Cost optimization	TCO (total cost of ownership) + opportunity cost?
FinOps	Can you monitor and control cloud spend?

Today vs Future: Immutable vs Transitory Technologies¶

Immutable technologies: SQL, object storage, Linux, networking fundamentals — learn these deeply.
Transitory technologies: Specific vendors, frameworks, SaaS tools — change rapidly.
Focus on understanding the immutables. Choose transitory tech based on current needs.

Location¶

On Premises¶

You own hardware, network, physical security. High upfront CapEx.
Limitations: slow provisioning, finite capacity, hard to scale dynamically.
Your current state: Autosys on-prem, shared network drives, Excel files.

Cloud¶

Pay-as-you-go, elastic scaling, managed services.
IaaS: VMs, raw compute (EC2). PaaS: Managed services (RDS, S3). SaaS: Fully managed applications (Snowflake).
Cloud-native advantages: separation of compute and storage, auto-scaling, global availability.

Hybrid Cloud¶

Mix of on-prem and cloud. Your migration approach — run on-prem and cloud in parallel during transition.

Build vs Buy¶

Default to buy (managed services) unless custom build provides clear competitive advantage.
Open source: Free licensing but not free to operate. Consider operational burden (patching, scaling, debugging).
Managed open source: Best of both worlds (e.g., Amazon MWAA for Airflow, Amazon RDS for Postgres).
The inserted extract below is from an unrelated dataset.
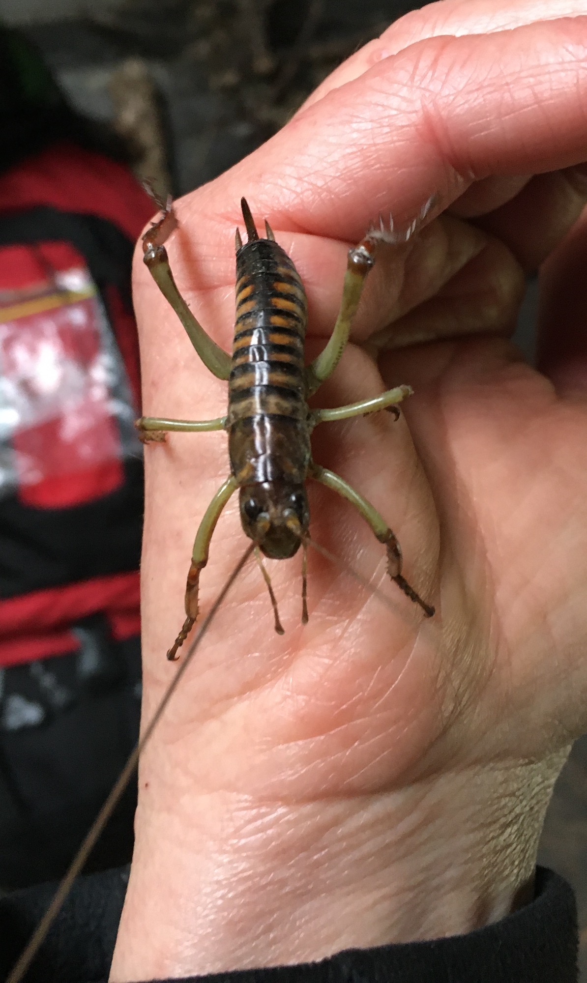 Once at the Doubtful River, a cruisy 40-minute hike took us up to the confluence with the Doubtless River, and shortly thereafter, to the Doubtless Hut, where we had a spacious six bunks to ourselves. Well, almost to ourselves. As we were packing up to leave, we found a beautiful young female Wellington tree wētā in the hut.
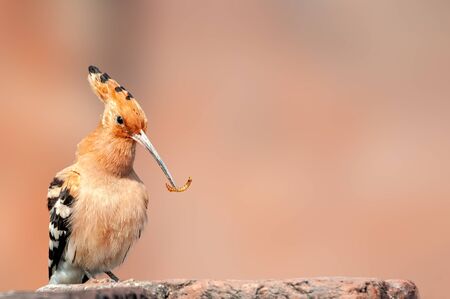 Common hoopoe on a brick wall with caterpillar in its beak

For your team: Use managed Airflow (MWAA) or self-host on EKS via Helm chart. Use RDS Postgres (managed) instead of running Postgres yourself on EC2. Use S3 natively (zero ops burden).

Monolith vs Modular¶

Monolith: Single system does everything. Simple at first, hard to evolve.
Modular: Compose best-of-breed tools. More flexible, but integration complexity.
Distributed monolith: Worst of both worlds — "microservices" that are actually tightly coupled.

Recommended: Modular approach. S3 (storage) + Postgres (queryable store) + Airflow (orchestration) + Python (processing). Loosely coupled, replaceable components.

Serverless vs Servers¶

Serverless (Lambda, Fargate): No server management, scale-to-zero, pay per invocation. Good for event-driven and sporadic workloads.
Containers (EKS/K8s): You manage the cluster. Good for long-running, complex workloads.
Serverless for simple tasks (triggers, small transforms). Containers for heavy processing (your existing K8s expertise on EKS).

Orchestration Example: Airflow¶

Airflow as the de facto standard for batch orchestration.
DAG-based dependency management replaces Autosys .jil files.
Key benefits over Autosys: Python-native DAG definitions, built-in dependency resolution, web UI for monitoring, backfill capability, rich ecosystem of operators/hooks.

Part II: The Data Engineering Lifecycle in Depth¶

Chapter 5: Data Generation in Source Systems¶

Sources of Data: How Is Data Created?¶

Data originates as analog or digital signals, then flows into systems.
Know your source systems deeply — patterns, quirks, volumes, frequencies.

Source Systems: Main Ideas¶

Files and Unstructured Data¶

Files (CSV, Excel, JSON, XML, etc.) are the universal exchange medium between organizations.
Your current state: Excel files on shared network drive = file-based source system.

APIs¶

Standard method for inter-system data exchange. REST, GraphQL, gRPC.
Despite frameworks, maintaining API connections often requires ongoing engineering effort.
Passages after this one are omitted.